Acute alcoholic hepatitis is generally considered a contraindication to liver transplantation. For more than a decade, alcoholic cirrhosis has been the second leading indication for liver transplantation in the United States. Most transplantation centers currently require patients with a history of alcohol abuse to have documented abstinence of at least 6 months before undergoing transplantation. This requirement theoretically has a dual advantage of predicting long-term sobriety and allowing recovery of liver function from acute alcoholic hepatitis. This 6-month abstinence rule might not have much prognostic significance in predicting recidivism, however. Alcohol use of any quantity after transplantation for alcohol-related liver disease approaches 50% during the first 5 years, and abuse occurs in up to 15% of patients.39 (Table 4) summarizes investigated treatments for alcoholic liver disease.
|Table 4. Treatments Investigated for Alcoholic Liver Disease|
|Treatment||Routine Use Recommended?||Potential Benefit|
|Nutritional support||Yes||Survival, laboratory|
|Pentoxifylline||Consider if DF ≥32||Survival, less renal failure|
|Propylthiouracil||Consider (preliminary data)||No|
|Calcium channel blocker||No||No|
|Silymarin (milk thistle)||No||No|
|Liver transplantation||Consider (for decompensated cirrhosis)||Survival ~ 70% at 5 yr|
|DF, discriminant function.

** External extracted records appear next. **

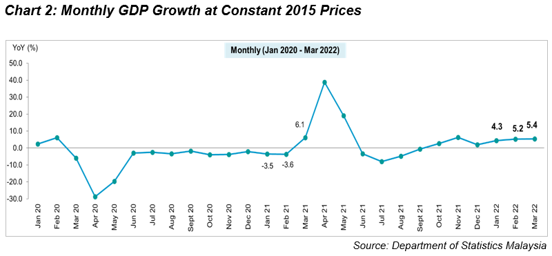 Malaysia’s GDP expanded further 5.0 per cent as compared to 3.6 per cent in the previous quarter. In terms of seasonally adjusted, GDP moderated at 3.9 per cent (Q4 2021: 4.6%) in this quarter. Correspondingly, the monthly economic performance showed a better growth from January to March 2022. GDP performance in January 2022 grew 4.3 per cent, risen to 5.2 per cent and 5.4 per cent in February and March 2022 respectively. From the current economic standing, the economic performance for the first quarter of 2022 has surpassed the level of first quarter 2019 by 5.2 per cent or RM17.9 billion.
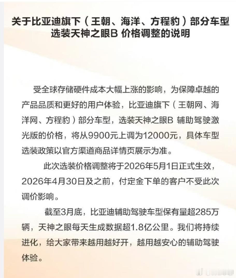 比亚迪率先涨价 比亚迪天神之眼 B 涨价 2100 元
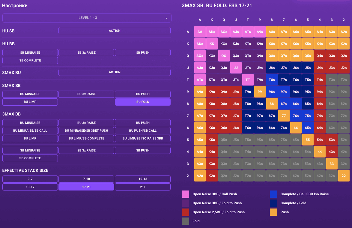 Стратегия разделена на различные позиции, глубину эффективных стэков, а также предшествующий экшн, с которым мы постоянно сталкиваемся в ходе игровых сессий.
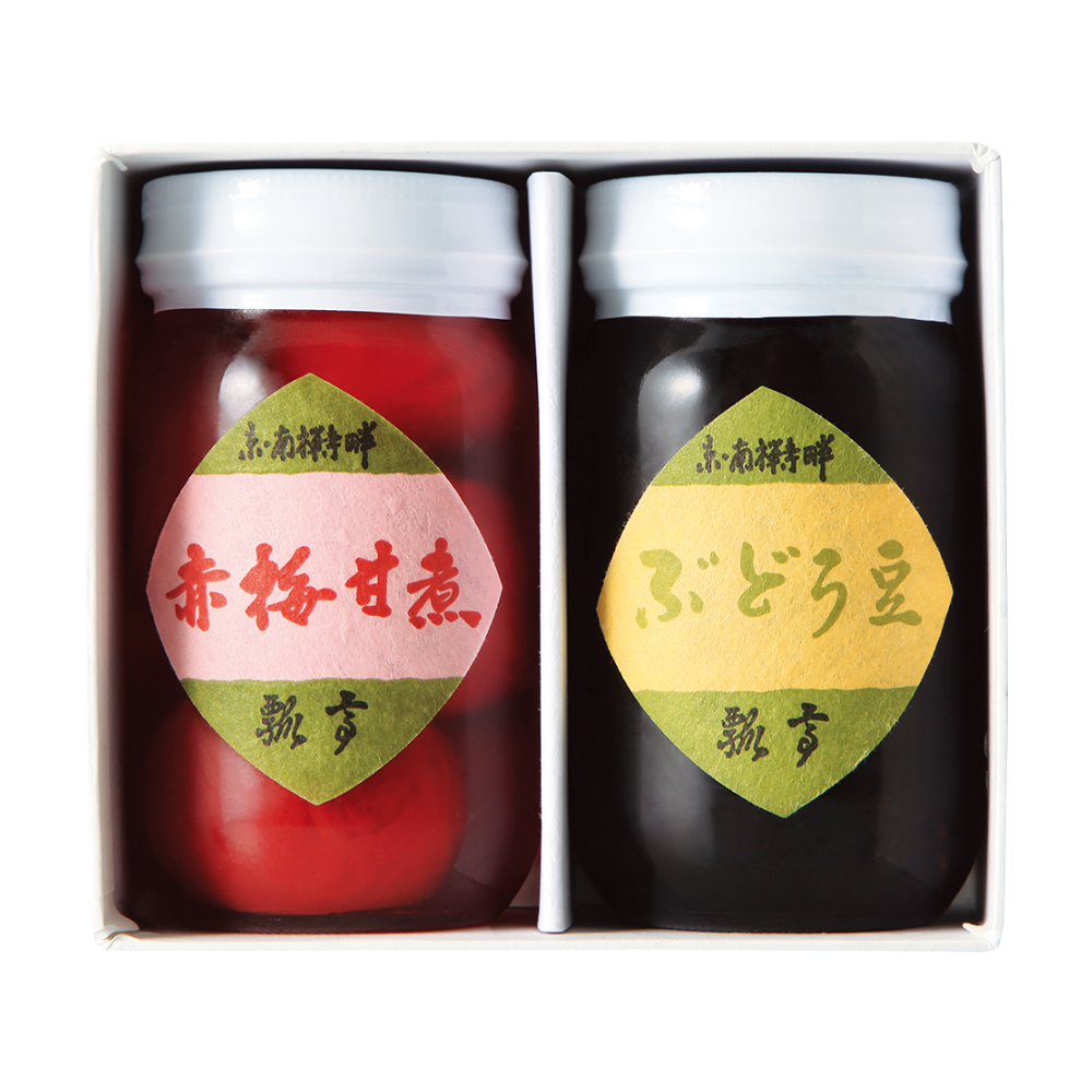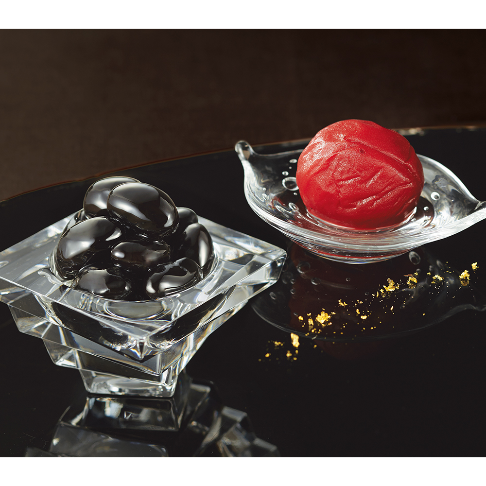 瓢亭の技で丁寧に炊きあげた、丹波の大粒黒豆と梅甘煮。瓢亭が作る2種の詰め合わせ。

SAMe, S-adenosyl-L-methionine|
As emphasized in the most recent national practice guidelines,19 health care providers must be attentive for signs of covert alcohol abuse. Many patients do not openly disclose an accurate history of alcohol use. In addition, no physical examination finding or laboratory abnormality is specific for alcoholic liver disease. All patients should therefore be screened for alcohol abuse or dependency. Abuse is defined as harmful use of alcohol with the development of negative health and/or social consequences. Dependency is defined by physical tolerance and symptoms of withdrawal. The CAGE questionnaire (cutting down on drinking, annoyance at others’ concerns about drinking, feeling guilty about drinking, using alcohol as an eye opener in the morning) is the preferred screening tool, with more than 2 positive answers providing a sensitivity of 71% and a specificity of 95% for alcohol dependency.40
Clinicians should screen all patients for harmful patterns of alcohol use. All patients with alcohol-related liver disease should abstain from alcohol. For those with severe disease (ie, MDF ≥32 and/or hepatic encephalopathy), and no contraindications to their use, steroids should be considered. Liver transplantation remains an option for select patients with end-stage liver disease due to alcohol.